Marlene swallowed a lump and said, “Good call, Luce. Now, do you happen to know her mommy’s first name?”
“Corazon,” said the child, and then collapsed, wailing, in her mother’s arms.
“That sounds like a Maya name, that Chajul,” said Ariadne Stupenagel over the phone. “You say they’re Guatemalans?”
“We think so,” said Marlene. She had called Stupenagel for help with finding out where a Church-connected underground would stash a kid from Guatemala. Stupenagel was one of two people she could think of to call, and the other one, Mattie Duran, was unlikely to have any C
hurch contacts.
“Where from in Guatemala?”
“We don’t know that either. Lucy was babbling something about San Francisco, but apparently there are dozens of—”
“Could it have been San Francisco Nenton?” Stupenagel asked carefully.
“Possibly. Why?”
“Jesus!” A shriek.
Marlene had to take the phone from her ear. “What?”

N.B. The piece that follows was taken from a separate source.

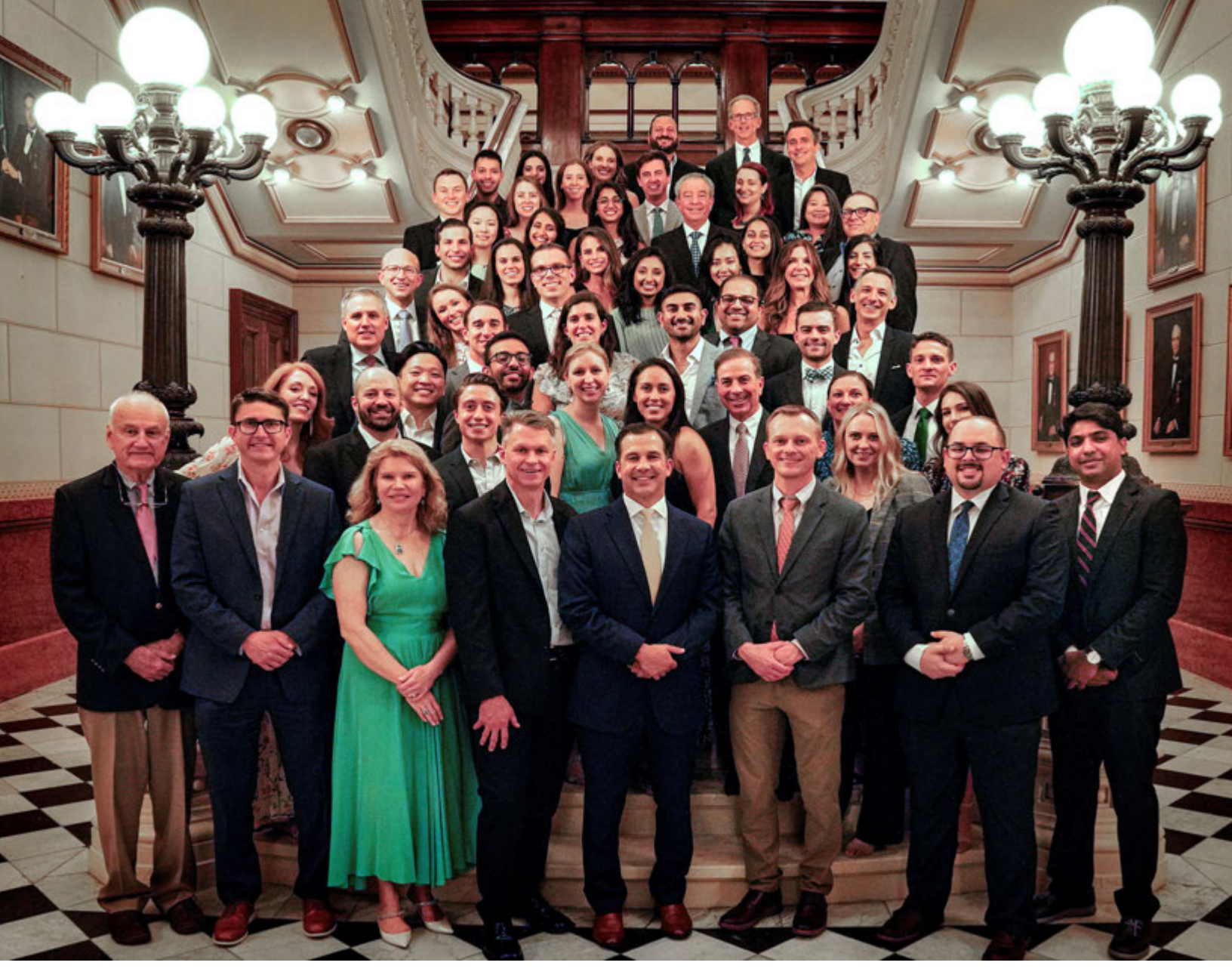
Jefferson Otolaryngology—Head & Neck Surgery 2022 Graduation Photo

“Marlene, in November of the year before last, a special unit of the Guatemalan Army, trained by the U.S. government, entered the village of San Francisco Nenton and massacred the entire population, 434 men, women, and children. Or so we thought. God, I’ve got the trembles, Champ! If this fucking kid is an eyewitness to the Nenton massacre … my God, the junta would go crazy if they knew she was wandering around in the States. And you say she’s got a brother to confirm it? Christ, Marlene, you got to find her. And let me have first crack at her, of course.”

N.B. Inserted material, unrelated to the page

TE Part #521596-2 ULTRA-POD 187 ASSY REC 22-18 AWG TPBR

“Of course,” lied Marlene. “But look, what about my original question?”
“Oh, who they’d shunt her to for cover? God, I couldn’t begin to figure …”
“What about those nuns you mentioned that time—the Sisters of Perpetual Dysentery? Are they in the States?”
“Damn! You’re right, I must be getting senile. I’ve been so focused on this cab driver thing. They’re the Sisters of Perpetual Help.”
“I never heard of them,” said Marlene.
“No, they’re small, and they only turn up where nobody else’ll go. A daughter house of the Poor Clares, I think. They’re all R.N.’s or nurse practitioners, plus they’re all cross-trained in mucky stuff—agronomy, sanitation. They jump out of airplanes too. A far cry from the penguins. They have a rest house someplace in Jersey. Just a sec, I’ll get it for you.” Clunk and rustlings. “Yo. It’s in Chester, Pee Ay.” She read off the address. “By the way, speaking of the cabbies …”
Marlene brought her up to date, closing with her visit to the Twenty-fifth Precinct and her conversation with Clancy. Marlene heard the scratch of note taking. “Oh, also,” she added, “you’ll be interested to know I saw Jimmy Dalton up there schmoozing with a couple of dicks, waving his stinky—” “What?”